(Stored dataset items)
--

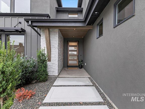 Thoughtfully designed newer-construction home by Shadow Mountain Homes in the sought-after Riverstone community. A highly functional layout with 4 bedrooms—one serving as a main-level office or guest suite adjacent to a full bathroom. An entertainer’s kitchen featuring premium Thermador appliances including built-in fridge/freezer, double ovens, and a gourmet cooktop, plus abundant cabinetry and gorgeous quartz countertops. Newly refinished cross-sawn white oak hardwoods add warmth throughout. The great room offers full wall sliders for seamless indoor/outdoor living and entertaining. Spacious primary suite with heated tile floors. Oversized 4 car garage with built-in storage. Low-maintenance backyard with professional turf, extensive landscaping for privacy, and a serene hot tub with gazebo. Riverstone sits along the Boise River with walking paths, stocked ponds, and an exceptional clubhouse and pool. Property includes an assumable VA loan at 2.75%—please inquire for details!
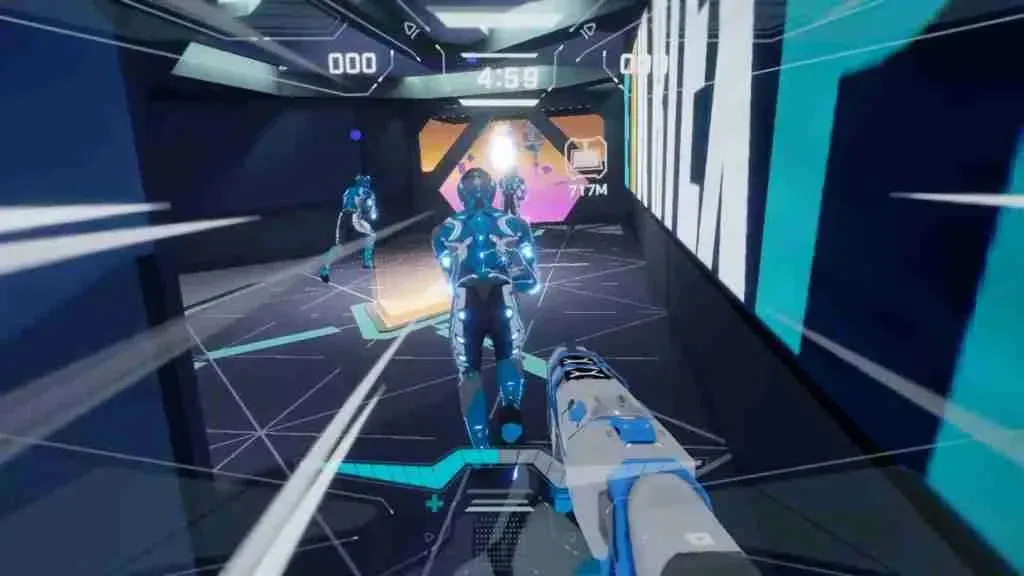Once you don your helmet and enter the game, things, unfortunately, do not improve. The first thing that any player will notice is that your off-hand is a pointless mass of pixels that may as well not be there. While operating within the usual range of motion required for aiming, the off-hand automatically locks to the front of the gun. This forces you to either follow suit in real life or completely give up on the notion of having an immersive experience.
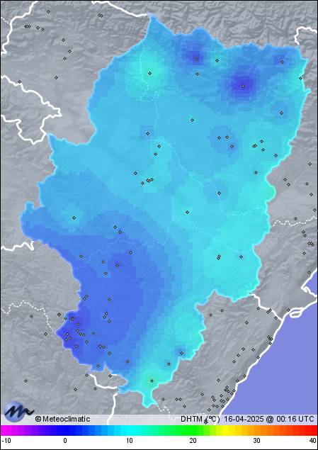 | 15-04-2025 | | | Máx. | Mín. | | | Temperatura | 5,8 | -0,1 | °C | | Humedad | 93 | 78 | % | | Viento | 34 | n/a | km/h | | Presión | 1.010 | 1.002 | hPa | | Precipitación | 13,2 | mm |
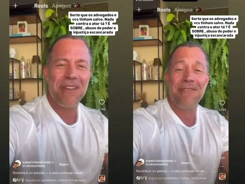 Para reforçar seu argumento e questionar a legitimidade da autuação, o humorista decidiu expor um caso muito parecido envolvendo o ator Malvino Salvador. Pelos Stories do Instagram, o empresário mostrou imagens antigas em que o ator da TV relata uma viagem em família ao arquipélago, onde sua filha aparece dando um peixinho a um pássaro.
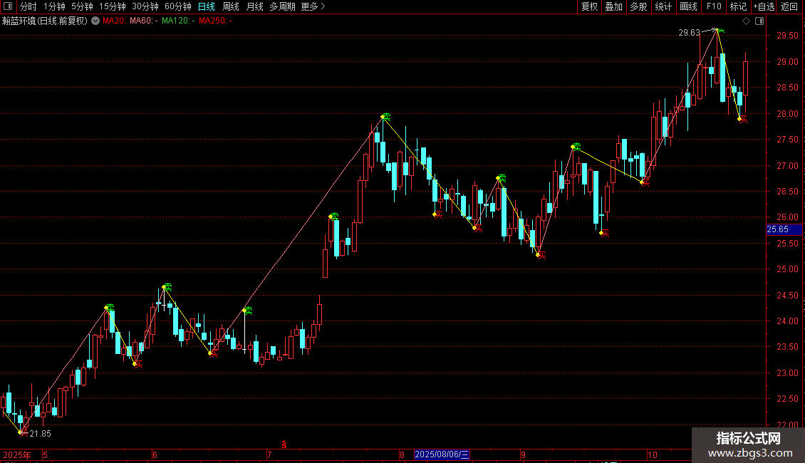 趋势高:PLOYLINE(DISP=3,ZIG(1,K*N1)),COLORLIBLUE;
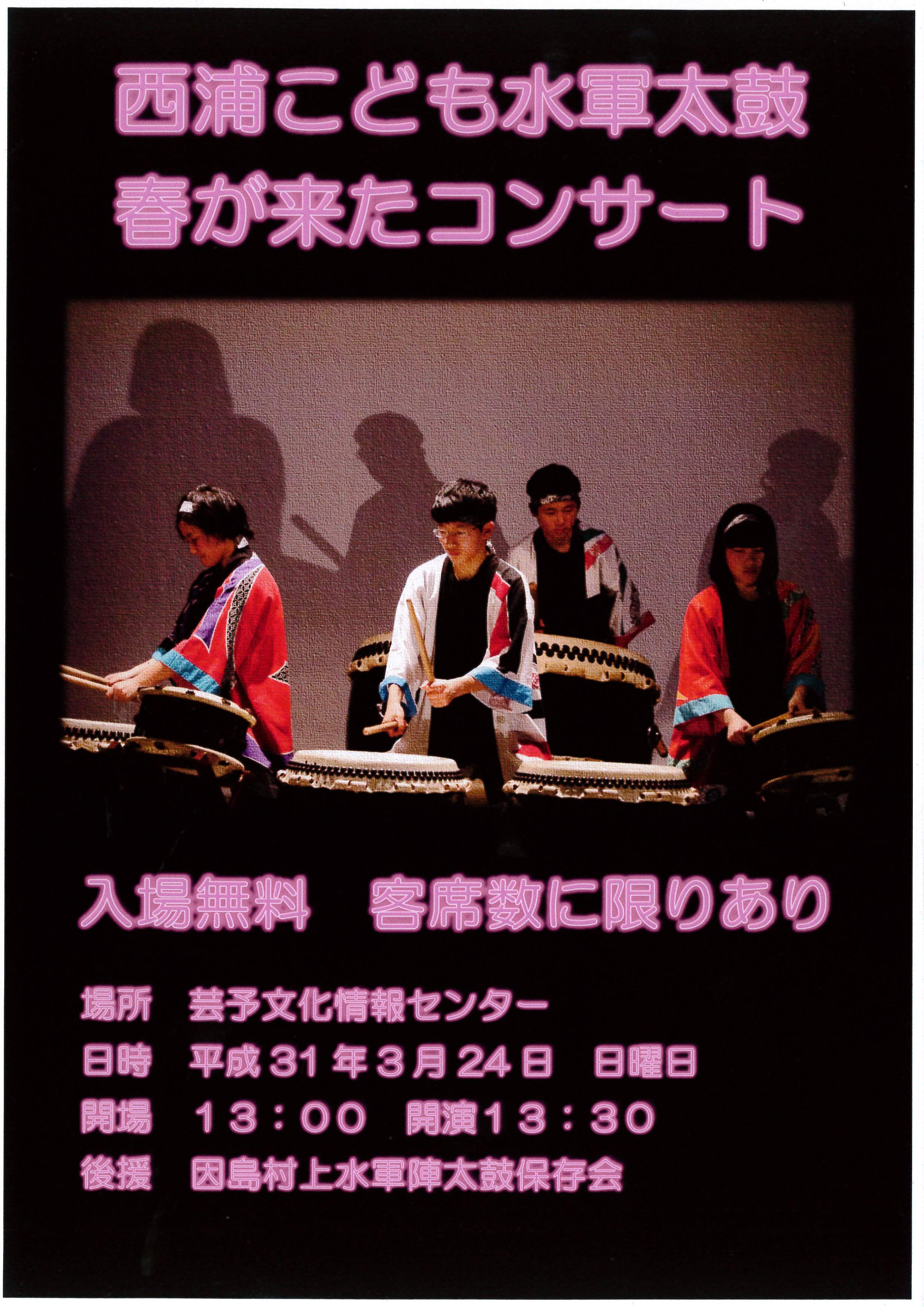 2019年3月20日 / 最終更新日 : 2019年3月20日 因島観光協会 案内 西浦こども水軍太鼓 春が来たコンサート 芸予文化情報センターにて「西浦こども水軍太鼓 春が来たコンサート」が開催されます! 日時 2019年3月24日(日) 場所 芸予文化情報センター 時間 開場 13:00 開演13:30 入場料 無料 ※客席数に限りがありますのでご了承下さい。 後援:因島村上水軍陣太鼓保存会
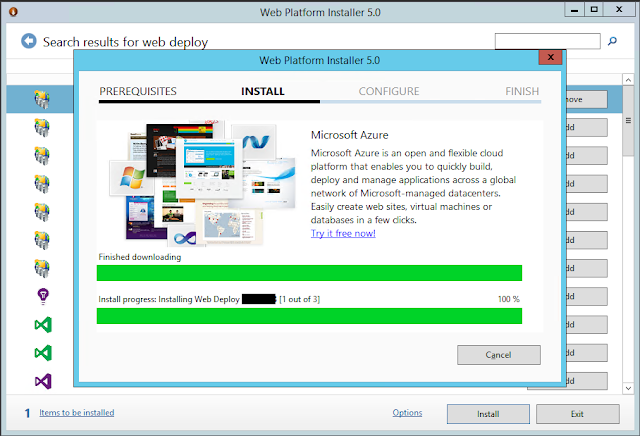 Step 3. 搜尋框內輸入Web Deploy進行搜尋,加入 Web Deploy 3.6 , 點選 install 按鈕
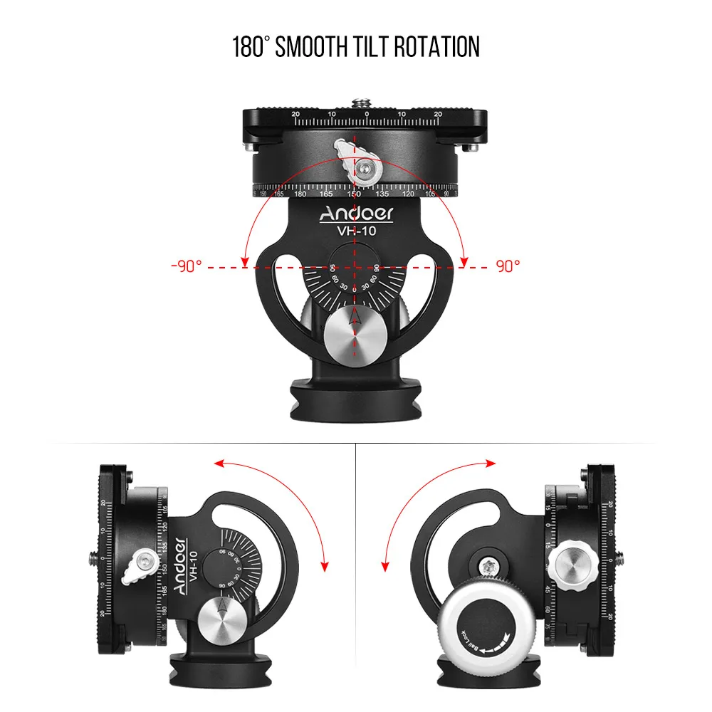 Головка штатива Andoer VH-10 из алюминиевого сплава является отличным помощником для панорамной съемки, а также наблюдения за птицами. Он поддерживает панорамирование 360 ° и движение наклона +/-90 °. Процесс очень гладкий.
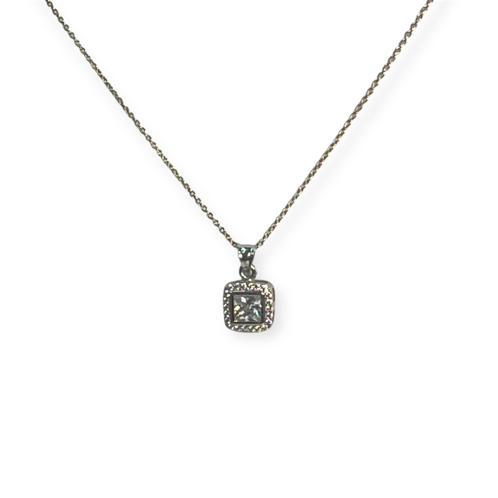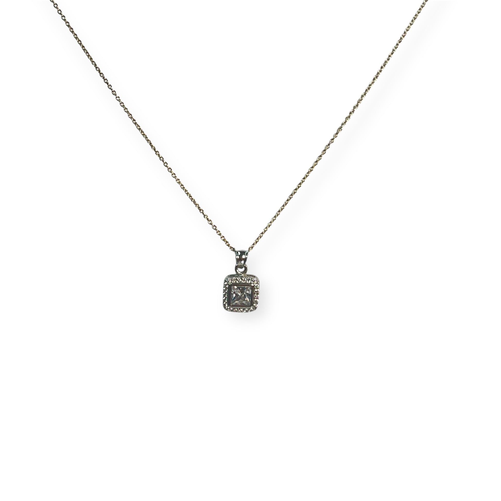 Diese feine Kette aus echtem 925 Sterling Silber trägt in der Mitte einen markanten, quadratischen Anhänger mit einem großen zentralen Stein. Umrahmt wird er von kleinen, funkelnden Steinchen, die das Design strahlen lassen – dezent, aber mit Wow-Effekt. Ideal für elegante Looks mit klarer Linie.
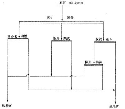 用磁-重聯選,用弱磁選設備優先選出強磁性礦物———磁鐵礦,然后用重選法將赤鐵礦與脈石分開,工藝流程如圖9-1-5,采用該流程所得選礦指標是:當原礦品位29.71%Fe時,可得精礦品位65.10%Fe,回收率71.00%Fe。
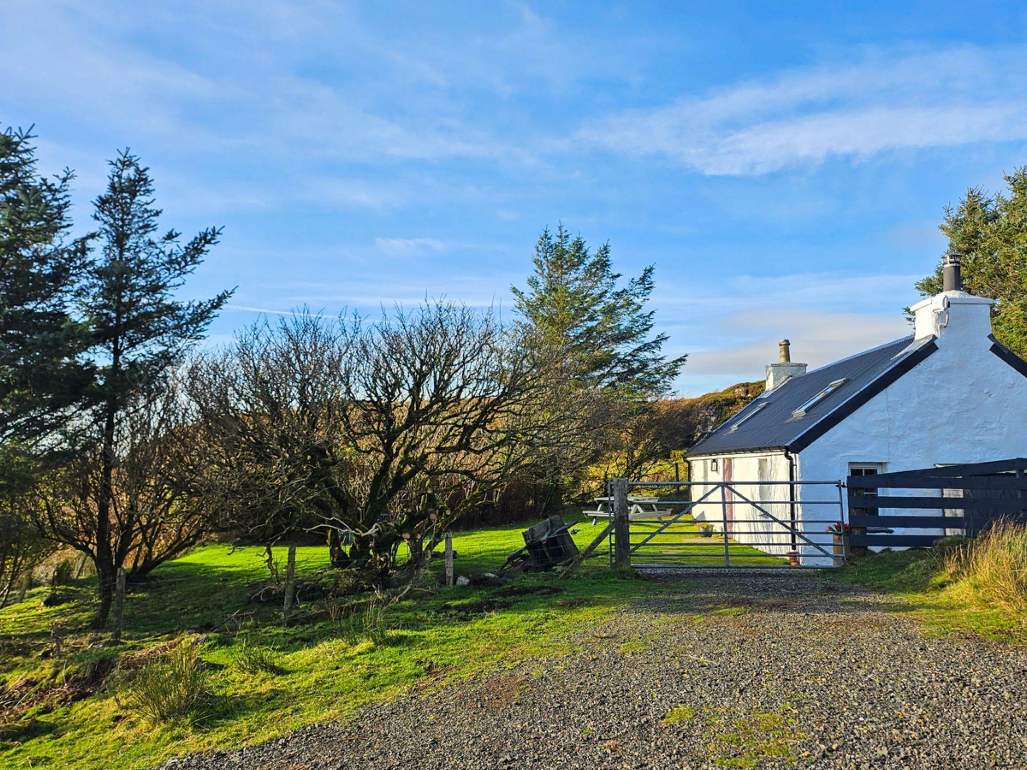 Cosy, comfortable cottage "The Cottage", detached. On the outskirts, 18 km from the centre of Portree, in a secluded, quiet position. Private: garden. Garden furniture, parking at the house. Shop 15 km, grocery 15 km, restaurant 450 m, café 600 m, bus stop "Portree" 18 km. Golf course (9 hole) 27 km. Nearby attractions: Dunvegan Castle and Garden 17 km, Old Man of Storr 30 km, Uig Outer Hebrides Ferry 39 km, The Fairy Pools 23 km. Please note: car recommended.
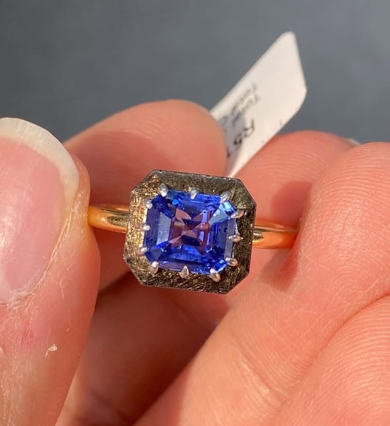 A GIA Certified 2.51ct Natural Ceylon Blue Sapphire Heated Emerald cut set in 18k Gold Ring.
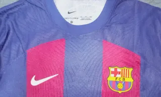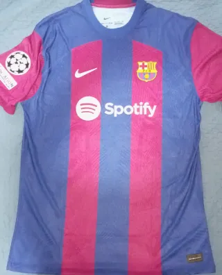 Camiseta del FC Barcelona de la temporada 2023. - Diseño con franjas verticales. - Logo de Spotify en el frontal. - Escudo del club en el pecho. - Parche de la Champions League en la manga.
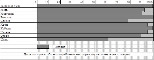 Структура импорта отражает процессы международной специализации промышленности, интернационализации хозяйства и бедность минеральной отечественной базы. Японию отличает самая низкая среди промышленно развитых стран степень самообеспеченности сырьем и топливом, страна почти полностью зависит от ввоза многих видов минерального и сельскохозяйственного сырья. Она выступает крупным покупателем минерального сырья на мировых рынках. На Японию приходится свыше 30% мирового импорта железной руды, свыше 19% руд цветных металлов, каменного угля, хлопка и шерсти, крупные позиции занимает рыба. В структуре импорта, как и в других ведущих развитых странах, основное место (но более низкое) занимают продукция машиностроения и химические товары - 35%.
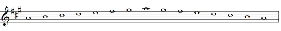 | La, Si, Do♯, Re, Mi, Fa♯, Sol♯, La | ||
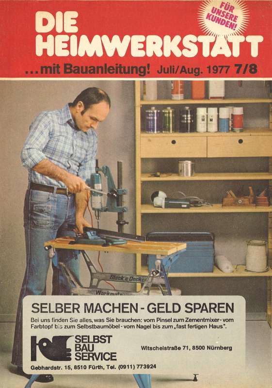 | Dateiinfo (Bild-Unterschrift und Info-Box, automatisch erstellt) | Die Heimwerkstatt - Titelseite Urheber: Verlagsgesellschaft Rudolf Müller GmbH & Co<br>Erstellungsdatum: 1977<br>Lizenz: Copyright | ||

--

### Problem statement
Reproduce exactly the lines of the data above that run from the line with "趋势高:PLOYLINE(D" down to the line with "Diese feine Kette", both ends included. Pictures do not belong in the copy.

### Solution for this task
 趋势高:PLOYLINE(DISP=3,ZIG(1,K*N1)),COLORLIBLUE;
 2019年3月20日 / 最終更新日 : 2019年3月20日 因島観光協会 案内 西浦こども水軍太鼓 春が来たコンサート 芸予文化情報センターにて「西浦こども水軍太鼓 春が来たコンサート」が開催されます! 日時 2019年3月24日(日) 場所 芸予文化情報センター 時間 開場 13:00 開演13:30 入場料 無料 ※客席数に限りがありますのでご了承下さい。 後援:因島村上水軍陣太鼓保存会
 Step 3. 搜尋框內輸入Web Deploy進行搜尋,加入 Web Deploy 3.6 , 點選 install 按鈕
 Головка штатива Andoer VH-10 из алюминиевого сплава является отличным помощником для панорамной съемки, а также наблюдения за птицами. Он поддерживает панорамирование 360 ° и движение наклона +/-90 °. Процесс очень гладкий.
 Diese feine Kette aus echtem 925 Sterling Silber trägt in der Mitte einen markanten, quadratischen Anhänger mit einem großen zentralen Stein. Umrahmt wird er von kleinen, funkelnden Steinchen, die das Design strahlen lassen – dezent, aber mit Wow-Effekt. Ideal für elegante Looks mit klarer Linie.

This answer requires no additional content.